The core of the FT-SKSA is a hybrid design that merges the speed of a Sparse Kogge-Stone (SKS) parallel-prefix tree with the reliability of Triple Modular Redundancy (TMR). The n-bit operand (implemented as 16-bit in this work) is divided into k segments. The SKS tree computes carry signals only at these segment boundaries, while the internal bits of each segment are processed by simpler Ripple-Carry Adders (RCAs). This reduces sparsity area and wiring complexity compared to a full Kogge-Stone structure [1], [12].

The fault tolerance is achieved through a multi-layered approach, as illustrated in Fig. 1:



Fault Injection and Detection: A mismatch mechanism compares the fast SKS tree carries with a reliable RCA reference.

Fault Masking and Correction: TMR with majority voting ensures correct output even if one computational unit fails.

Output Stabilization: A half-cycle latching strategy ensures glitch-free, stable outputs.

### **B. Sparse Kogge-Stone Prefix Tree**

The Kogge-Stone tree is employed for its minimal logic depth and high-speed parallel carry computation [11]. For each bit position i, the generate (Gi) and propagate (Pi) signals are computed as:

 $Gi=Ai\cdot Bi$ 

 $Pi=Ai \bigoplus Bi$ 

These signals are then processed through  $log_2(n)$  stages of the prefix network. At each stages, the group generate and propagate signals are computed over an interval of  $2^s$  bits using the prefix operator:

$$(G, P)_s[i] = (G, P)_{s-1}[i] \bullet (G, P)_{s-1}[i - 2^{s-1}]$$
  
where  $(G, P)_a \bullet (G, P)_b = (G_a + P_a \cdot G_b, P_a \cdot P_b)$ 

The "sparse" aspect is implemented by terminating the prefix tree at segment boundaries (e.g., every 4 bits for a 16-bit adder). The final tree carry at a boundary *j* is:

$$C_{tree\_raw}[j] = G_{final}[j] + (P_{final}[j] \cdot C_{in})$$

# C. Fault Injection and Mismatch Detection

To validate the fault tolerance, a controlled fault injection mechanism is integrated. The raw tree carry at each segment boundary (except the MSB) is XORed with a fault mask bit to simulate stuck-at or bit-flip errors:

$$C_{tree}[j] = C_{tree\_raw}[j] \oplus tree\_fault\_mask[j]$$

A dedicated, fault-free Ripple-Carry Adder (RCA) operates in parallel as a golden reference. The carry outputs from this reference RCA (*Crip*) are compared with the potentially fault-injected tree carries (*Ctree*) at each segment boundary. A mismatch signal is generated as:

$$mismatch[j] = C_{tree}[j+1] \oplus C_{rip}[j+1]$$

A high value on any *mismatch*[*j*] indicates a fault within the corresponding segment of the prefix tree, enabling precise fault localization.

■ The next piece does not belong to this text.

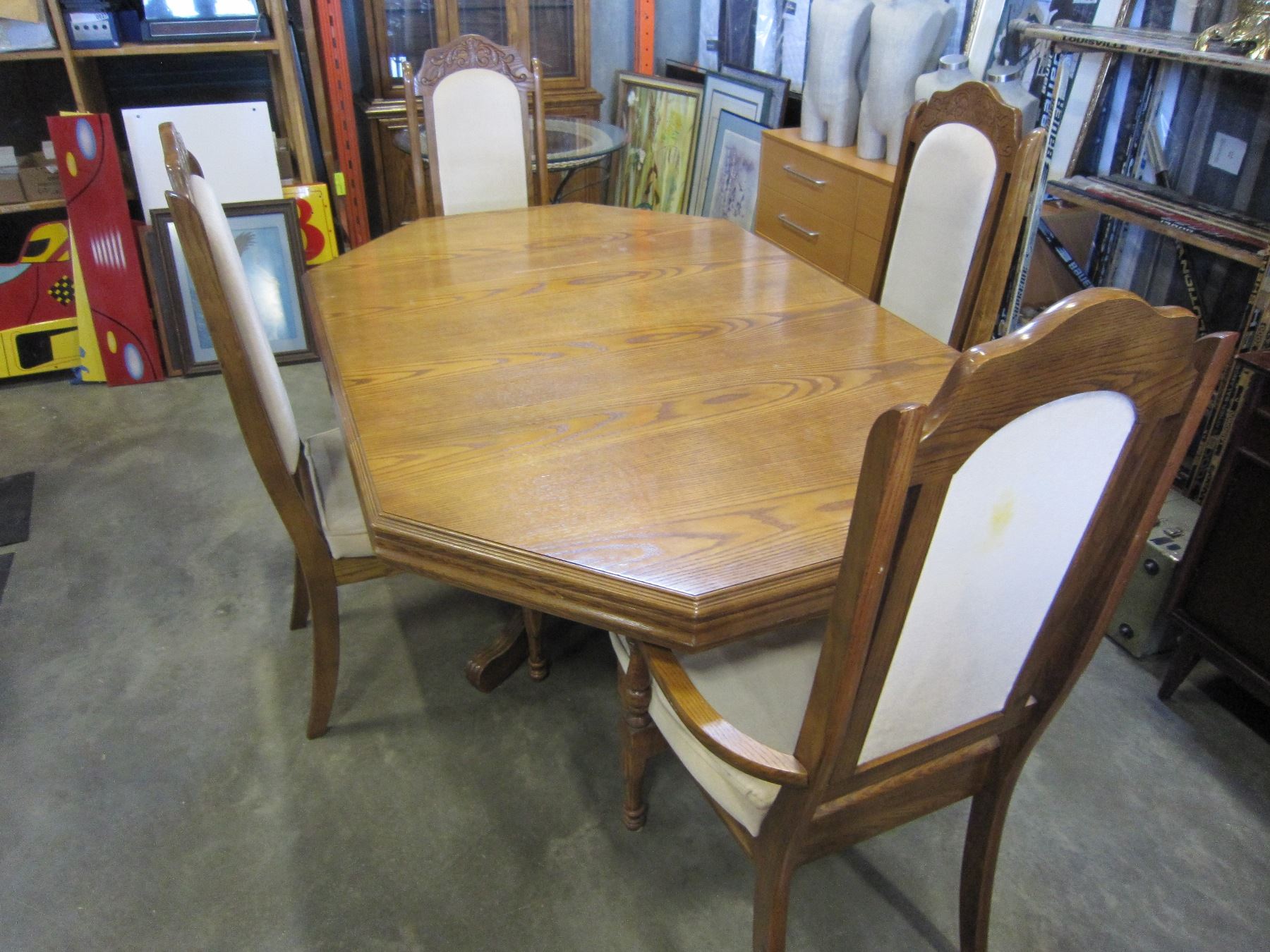 ROUND OAK DINING TABLE W/ 4 CHAIRS AND LEAF

# D. Triple Modular Redundancy (TMR) and Majority Voting

The core fault correction is achieved through TMR. Three independent instances of the main adder—comprising the SKS tree and segmented RCAs—are executed in parallel:

- RCA\_FUNC: The primary functional unit, susceptible to injected faults.
- RCA\_T0 and RCA\_T1: Two redundant replica units, which remain fault-free in our model.

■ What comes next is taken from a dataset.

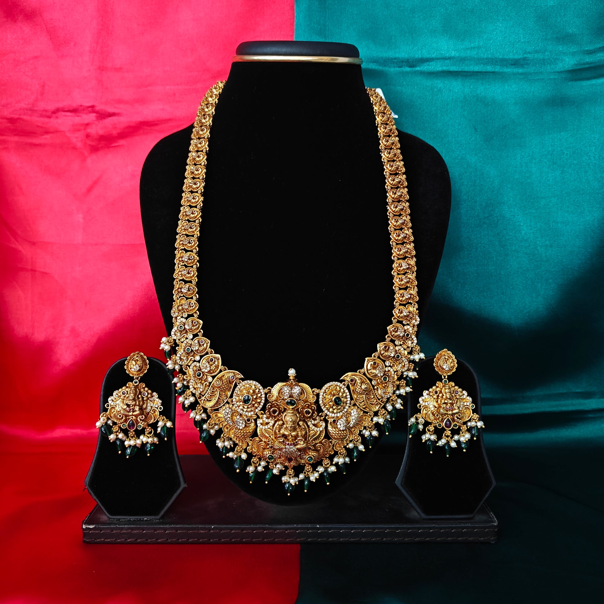 Elegant Nakshi Long Necklace With Laxmi Idol

The Sum (S) and Carry-out (Cout) from these three units are fed into a majority voter. The voter logic for each output bit

*i* is given by the Boolean equation:

$$S_{voted}[i] = (S_{func}[i] \cdot S_{t0}[i]) + (S_{func}[i] \cdot S_{t1}[i]) + (S_{t0}[i] \cdot S_{t1}[i])$$

This ensures that the final output matches the value produced by at least two of the three units, effectively masking a single point of failure.

# E. Half-Cycle Output Latching

To mitigate the impact of transient glitches and ensure temporal stability, the voted outputs are registered on the falling edge of the system clock. This half-cycle correction strategy provides a clean timing window for the voting logic to resolve, delivering stable, fault-corrected results without introducing a full clock cycle of latency. The final outputs are thus:

$$Sum_{out} \leftarrow S_{voted}$$
 on negative clock edge 
$$Cout_{out} \leftarrow Cout_{voted}$$
 on negative clock edge

This approach shortens the error recovery path compared to full-cycle pipelining, enhancing system responsiveness.

# F. Design Implementation and Verification Flow

The complete 16-bit FT-SKSA was designed and captured using the Verilog HDL. The functional description was synthesized and implemented targeting a Xilinx FPGA using the Xilinx Vivado toolchain. The verification process involved:

Functional Simulation: To verify correct arithmetic operation in a fault-free scenario.

Fault Injection Simulation: To validate the detection and correction capabilities by activating the tree fault mask signals.

Post-Synthesis Analysis: To evaluate timing performance (setup/hold times), power consumption, and resource utilization (LUTs, I/O ports).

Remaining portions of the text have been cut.